The researchers looked specifically at a 24 volt system for a solar charging hub in Sierra Leone (developed by Sheffield company Mobile Power), which can provide clean energy for homes, businesses and electric vehicle charging.
The researchers used a techno-economic model to define and optimise the cost/performance of the system - the first such analysis of the SLFB. They determined that a 4 hour duration - how long the battery can discharge its stored electricity before needing to recharge - was best, and in an optimistic scenario a total component cost of <£50/kWh would be achieved.
This is due to the low raw materials cost of the components of such a system, and is half the cost of the current most common battery type - lithium-ion battery storage. However, the cost of lithium-ion battery storage is also expected to fall as more is deployed across the world.
The greatest technical risk to achieving this low cost for the SLFB is the ability to repeatedly deposit lead with sufficient thickness, as thinner deposits make the battery more costly and less efficient.

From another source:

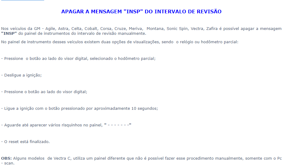 RESET LUZES DE AVISO

However, testing of deposits of this thickness has not been performed across many cycles of the battery (a cycle being the battery charging and then discharging), and so there is an important gap in the knowledge of the SLFB which future research must address.
Lead author Diarmid Roberts said: “Our work is the first cost analysis of the SLFB as a small scale modular system. The approach allows us to test how changes in the lab scale performance translate to benefits in terms of efficiency and cost, and so prioritise future research.
"We are applying for additional funding with our colleagues at The University of Southampton to develop a pilot system, and have been included as co-inventors on a recently submitted patent application.”
The paper is titled Predicting the cost of a 24 V soluble lead flow battery optimised for PV applications and was published in the Journal of Power Sources. The authors are: Diarmid Roberts and Solomon Brown from The University of Sheffield and Ewan J. Fraser, Andrew Cruden and Richard G. Wills from The University of Southampton.
The research was funded by a grant through the Faraday Institution and the Transforming Energy Access Program.